Reputation: 93
Using XML package in R, I thought of extracting a table with the below mentioned query,
url <- "https://in.finance.yahoo.com/intlindices?e=americas"
America <- readHTMLTable(url, which=1, header=TRUE, stringsAsFactors=FALSE)
when I executed the above mentioned query, I got the output as,
**Error in (function (classes, fdef, mtable) :
unable to find an inherited method for function ‘readHTMLTable’ for signature ‘"NULL"’
In addition: Warning message:
XML content does not seem to be XML: 'https://in.finance.yahoo.com/intlindices?e=americas'**
when I parse the url, I got the below error,
**Warning message: XML content does not seem to be XML: **
Therefore, kindly help me to know as whether i am not using the right package or my way of doing coding is wrong.
Upvotes: 0
Views: 286
Reputation: 59345
Try this:
library(httr)
library(XML)
doc <- content(GET(url), type="text/html")

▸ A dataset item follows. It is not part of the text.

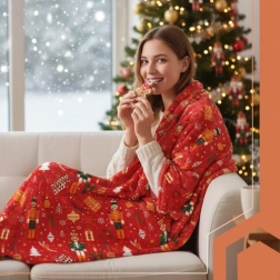 Koc ma uniwersalny rozmiar 150 × 200 cm, więc pasuje na sofę, łóżko i do fotela w salonie. Użyjesz go jako koca lub dekoracyjnej narzuty. Po złożeniu zajmuje minimum miejsca, a dzięki satynowej wstążce jest gotowy także jako świetny świąteczny prezent.

readHTMLTable(doc["//div[@id='yfitp']"][[1]])
# V1 V2 V3 V4 V5
# 1 ^MERV MerVal 10,887.94 12 Sep 1:30am 181.54 (1.64%) Components, Chart, More
# 2 ^BVSP Bovespa 46,400.50 12 Sep 1:47am 103.49 (0.22%) Components, Chart, More
# 3 ^GSPTSE S&P TSX Composite 13,461.47 12 Sep 1:50am 108.42 (0.80%) Chart, More
# 4 ^MXX IPC 42,780.73 12 Sep 1:36am 107.78 (0.25%) Components, Chart, More
# 5 ^GSPC 500 Index 1,961.05 12 Sep 2:02am 8.76 (0.45%) Chart, More
Edit: Clarification based on comment below.
The term doc["//div[@id='yfitp']"]
is equivalent to getNodeSet(doc, "//div[@id='yfitp']")
and returns a list of the nodes in doc
which satisfy the specified xPath filter. Since this is a nodeSet, but readHTMLTable(...)
requires a node, we grab the first node in the nodeset (also the only node, in this case).
If the question is how to determine the xPath string, I just examined the DOM of the page in Firefox and it was clear that the relevant table was a child node of the div element, as:
<div id=yfitp>
<table>
...
</table>
</div>
Upvotes: 1